_Data block_

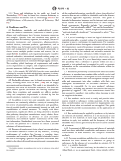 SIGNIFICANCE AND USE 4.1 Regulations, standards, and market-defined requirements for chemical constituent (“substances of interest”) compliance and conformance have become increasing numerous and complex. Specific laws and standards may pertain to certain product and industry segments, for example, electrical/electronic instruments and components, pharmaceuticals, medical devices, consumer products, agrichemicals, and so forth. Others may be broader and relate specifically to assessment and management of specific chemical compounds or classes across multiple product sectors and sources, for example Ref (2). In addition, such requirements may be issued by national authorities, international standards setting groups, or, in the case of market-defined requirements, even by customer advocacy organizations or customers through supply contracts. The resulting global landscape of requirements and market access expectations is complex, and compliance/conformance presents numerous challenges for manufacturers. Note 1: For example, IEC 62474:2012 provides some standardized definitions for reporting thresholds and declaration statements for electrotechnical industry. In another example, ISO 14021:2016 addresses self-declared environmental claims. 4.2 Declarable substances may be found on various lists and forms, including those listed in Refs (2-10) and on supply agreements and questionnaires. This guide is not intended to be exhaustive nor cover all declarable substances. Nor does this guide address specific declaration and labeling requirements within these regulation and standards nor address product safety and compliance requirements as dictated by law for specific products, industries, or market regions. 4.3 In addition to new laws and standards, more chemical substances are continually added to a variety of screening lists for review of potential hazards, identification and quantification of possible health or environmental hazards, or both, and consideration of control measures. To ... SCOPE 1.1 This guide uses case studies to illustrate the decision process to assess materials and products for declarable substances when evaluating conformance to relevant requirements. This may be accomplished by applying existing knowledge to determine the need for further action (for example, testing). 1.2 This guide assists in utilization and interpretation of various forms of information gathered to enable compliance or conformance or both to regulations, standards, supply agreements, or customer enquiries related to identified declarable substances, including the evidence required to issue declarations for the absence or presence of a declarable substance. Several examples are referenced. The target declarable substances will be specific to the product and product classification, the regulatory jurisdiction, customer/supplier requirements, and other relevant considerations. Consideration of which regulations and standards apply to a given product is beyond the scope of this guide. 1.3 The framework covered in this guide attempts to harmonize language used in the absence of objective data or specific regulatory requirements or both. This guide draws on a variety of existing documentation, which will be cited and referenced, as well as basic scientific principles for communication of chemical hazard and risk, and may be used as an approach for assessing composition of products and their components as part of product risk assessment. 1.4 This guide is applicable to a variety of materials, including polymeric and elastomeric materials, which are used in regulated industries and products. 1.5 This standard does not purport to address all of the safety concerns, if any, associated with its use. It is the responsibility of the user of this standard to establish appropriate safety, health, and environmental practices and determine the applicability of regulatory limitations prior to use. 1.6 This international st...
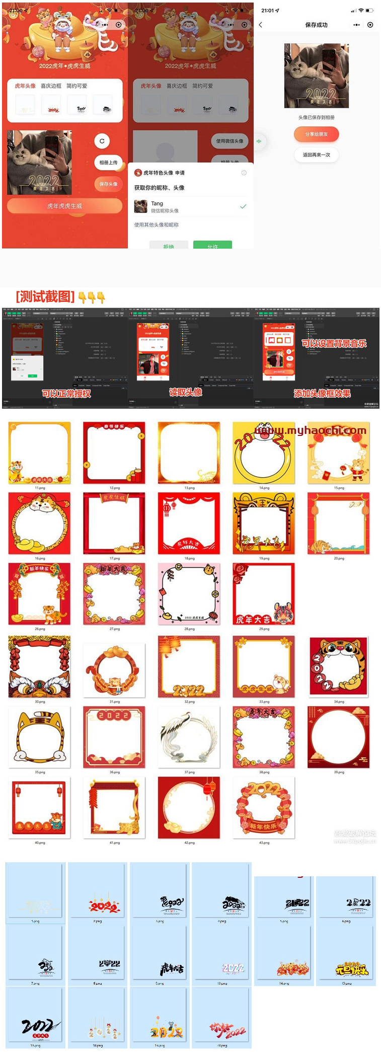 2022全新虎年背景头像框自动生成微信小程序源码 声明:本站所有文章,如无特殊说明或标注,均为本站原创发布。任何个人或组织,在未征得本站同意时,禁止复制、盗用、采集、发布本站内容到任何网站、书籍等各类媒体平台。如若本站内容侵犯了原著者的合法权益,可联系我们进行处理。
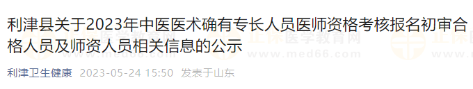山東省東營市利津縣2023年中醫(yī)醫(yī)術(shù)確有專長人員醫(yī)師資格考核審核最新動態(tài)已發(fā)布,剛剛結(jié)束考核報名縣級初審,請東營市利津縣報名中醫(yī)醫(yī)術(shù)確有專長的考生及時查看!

_Your instructions_
Since the pictures are not wanted, write out the rest of the data exactly as it reads.

_Result for this exercise_
 SIGNIFICANCE AND USE 4.1 Regulations, standards, and market-defined requirements for chemical constituent (“substances of interest”) compliance and conformance have become increasing numerous and complex. Specific laws and standards may pertain to certain product and industry segments, for example, electrical/electronic instruments and components, pharmaceuticals, medical devices, consumer products, agrichemicals, and so forth. Others may be broader and relate specifically to assessment and management of specific chemical compounds or classes across multiple product sectors and sources, for example Ref (2). In addition, such requirements may be issued by national authorities, international standards setting groups, or, in the case of market-defined requirements, even by customer advocacy organizations or customers through supply contracts. The resulting global landscape of requirements and market access expectations is complex, and compliance/conformance presents numerous challenges for manufacturers. Note 1: For example, IEC 62474:2012 provides some standardized definitions for reporting thresholds and declaration statements for electrotechnical industry. In another example, ISO 14021:2016 addresses self-declared environmental claims. 4.2 Declarable substances may be found on various lists and forms, including those listed in Refs (2-10) and on supply agreements and questionnaires. This guide is not intended to be exhaustive nor cover all declarable substances. Nor does this guide address specific declaration and labeling requirements within these regulation and standards nor address product safety and compliance requirements as dictated by law for specific products, industries, or market regions. 4.3 In addition to new laws and standards, more chemical substances are continually added to a variety of screening lists for review of potential hazards, identification and quantification of possible health or environmental hazards, or both, and consideration of control measures. To ... SCOPE 1.1 This guide uses case studies to illustrate the decision process to assess materials and products for declarable substances when evaluating conformance to relevant requirements. This may be accomplished by applying existing knowledge to determine the need for further action (for example, testing). 1.2 This guide assists in utilization and interpretation of various forms of information gathered to enable compliance or conformance or both to regulations, standards, supply agreements, or customer enquiries related to identified declarable substances, including the evidence required to issue declarations for the absence or presence of a declarable substance. Several examples are referenced. The target declarable substances will be specific to the product and product classification, the regulatory jurisdiction, customer/supplier requirements, and other relevant considerations. Consideration of which regulations and standards apply to a given product is beyond the scope of this guide. 1.3 The framework covered in this guide attempts to harmonize language used in the absence of objective data or specific regulatory requirements or both. This guide draws on a variety of existing documentation, which will be cited and referenced, as well as basic scientific principles for communication of chemical hazard and risk, and may be used as an approach for assessing composition of products and their components as part of product risk assessment. 1.4 This guide is applicable to a variety of materials, including polymeric and elastomeric materials, which are used in regulated industries and products. 1.5 This standard does not purport to address all of the safety concerns, if any, associated with its use. It is the responsibility of the user of this standard to establish appropriate safety, health, and environmental practices and determine the applicability of regulatory limitations prior to use. 1.6 This international st...
 2022全新虎年背景头像框自动生成微信小程序源码 声明:本站所有文章,如无特殊说明或标注,均为本站原创发布。任何个人或组织,在未征得本站同意时,禁止复制、盗用、采集、发布本站内容到任何网站、书籍等各类媒体平台。如若本站内容侵犯了原著者的合法权益,可联系我们进行处理。
山東省東營市利津縣2023年中醫(yī)醫(yī)術(shù)確有專長人員醫(yī)師資格考核審核最新動態(tài)已發(fā)布,剛剛結(jié)束考核報名縣級初審,請東營市利津縣報名中醫(yī)醫(yī)術(shù)確有專長的考生及時查看!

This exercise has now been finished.